** AVAILABLE DATA **
◆ ◆ ◆ ◆ ◆

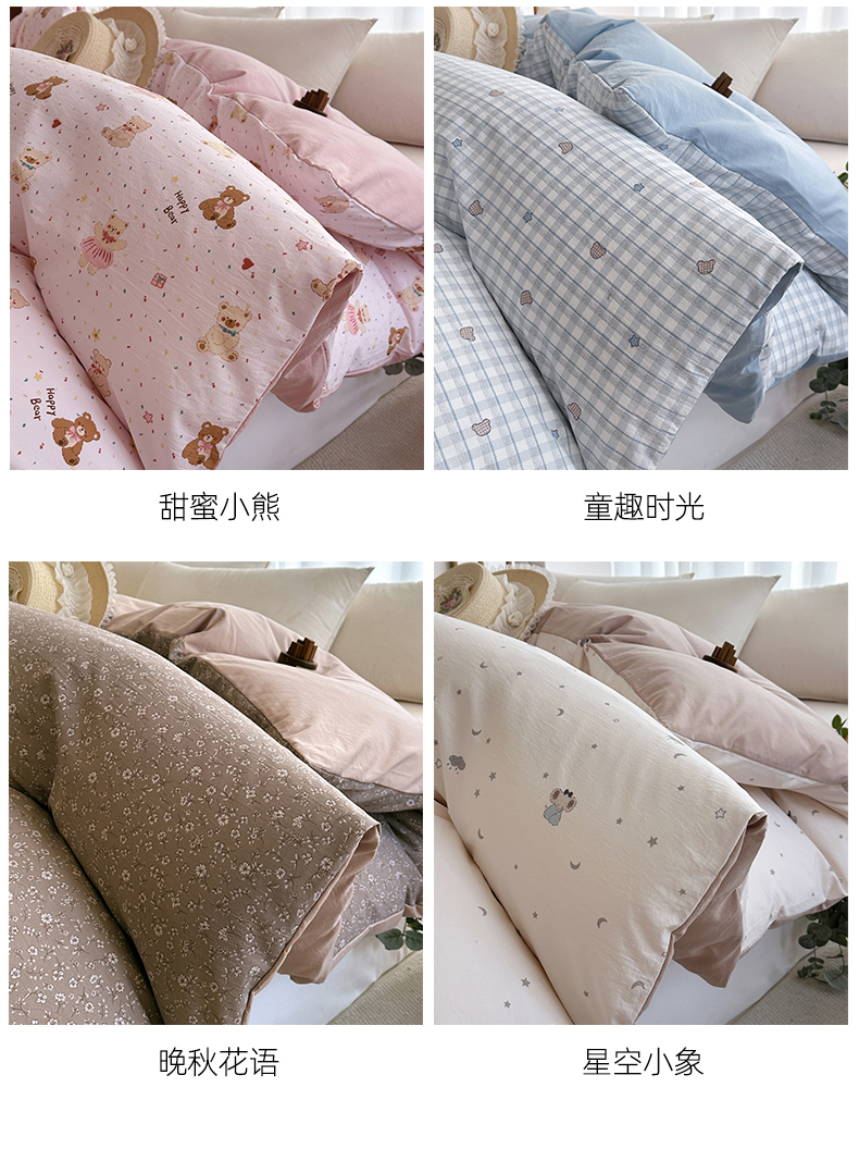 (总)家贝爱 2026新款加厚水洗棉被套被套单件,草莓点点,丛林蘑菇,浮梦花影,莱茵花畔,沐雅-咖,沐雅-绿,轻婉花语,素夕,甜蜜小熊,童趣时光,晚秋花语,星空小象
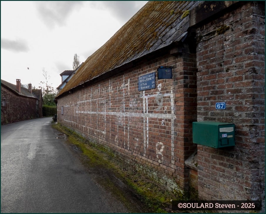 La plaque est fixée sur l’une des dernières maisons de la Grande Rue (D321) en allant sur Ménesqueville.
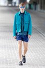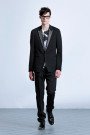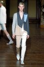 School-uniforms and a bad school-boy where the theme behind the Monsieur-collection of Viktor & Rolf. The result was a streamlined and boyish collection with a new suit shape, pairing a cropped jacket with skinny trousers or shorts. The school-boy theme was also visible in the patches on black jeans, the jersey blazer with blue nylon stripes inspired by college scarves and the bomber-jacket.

◆ ◆ ◆ ◆ ◆

** TASK DESCRIPTION **
All of the lines above must be repeated without alteration, though the pictures are to be excluded.

** ANSWER BOX **
 (总)家贝爱 2026新款加厚水洗棉被套被套单件,草莓点点,丛林蘑菇,浮梦花影,莱茵花畔,沐雅-咖,沐雅-绿,轻婉花语,素夕,甜蜜小熊,童趣时光,晚秋花语,星空小象
 La plaque est fixée sur l’une des dernières maisons de la Grande Rue (D321) en allant sur Ménesqueville.
 School-uniforms and a bad school-boy where the theme behind the Monsieur-collection of Viktor & Rolf. The result was a streamlined and boyish collection with a new suit shape, pairing a cropped jacket with skinny trousers or shorts. The school-boy theme was also visible in the patches on black jeans, the jersey blazer with blue nylon stripes inspired by college scarves and the bomber-jacket.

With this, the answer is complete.